O fechamento foi desencadeado ⁠pelos ataques ⁠dos Estados Unidos e de Israel ao Irã no sábado, com o objetivo ⁠de derrubar seus líderes, ‌e o presidente dos EUA, ‌Donald Trump, oferecendo ajuda aos iranianos para destituir os clérigos no poder.

Em resposta, o Irã disparou diversas salvas de mísseis contra seus vizinhos do Golfo que abrigam bases militares ⁠norte-americanas, caso do Catar, do Kuweit e de Barein.
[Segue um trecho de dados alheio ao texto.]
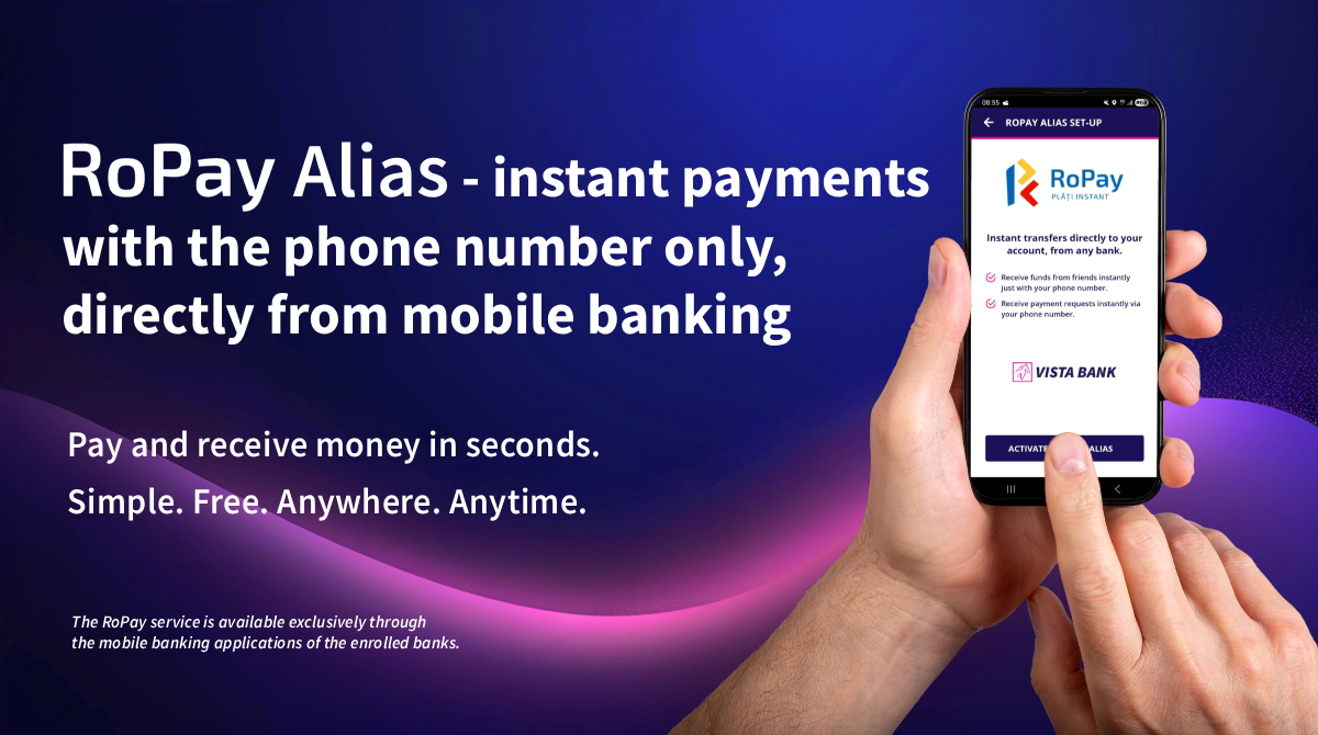 Vista Bank expands its digital services with a new feature: RoPay Alias – payment using only a phone number through the national instant payment system RoPay developed by TRANSFOND. RoPay Alias complements the RoPay services offered by Vista Bank to individuals – RoPay Contactless and RoPay QR Code, launched this summer.
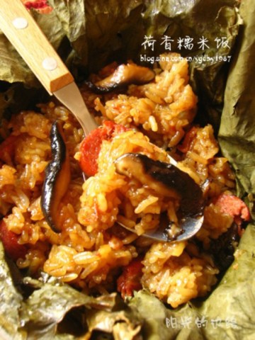 6、糯米饭馅料就做好啦,就这么尝了一口,香呀!

Teerã também disparou mísseis contra os Emirados Árabes Unidos, Arábia Saudita e Omã.

Com o fechamento, Teerã cumpriu anos de ameaças de bloquear a estreita via navegável ‌em retaliação a qualquer ataque à República Islâmica.

Cerca de 20% do consumo diário mundial de petróleo passa pelo Estreito de Ormuz, ⁠que tem cerca de 33km de largura em seu ponto mais estreito.

Os mercados petrolíferos têm se concentrado nas tensões entre Teerã e seus antigos inimigos, os EUA e Israel, temendo que um conflito total interrompa o abastecimento e desestabilize a região.

A medida também ocorre depois de o transporte marítimo global já ter sofrido interrupções relacionadas a ataques com drones e mísseis realizados por militantes houthis do Iêmen, aliados do Irã. O grupo tem atacado navios no Mar Vermelho e no Golfo de Aden desde o início da guerra de Gaza em 2023.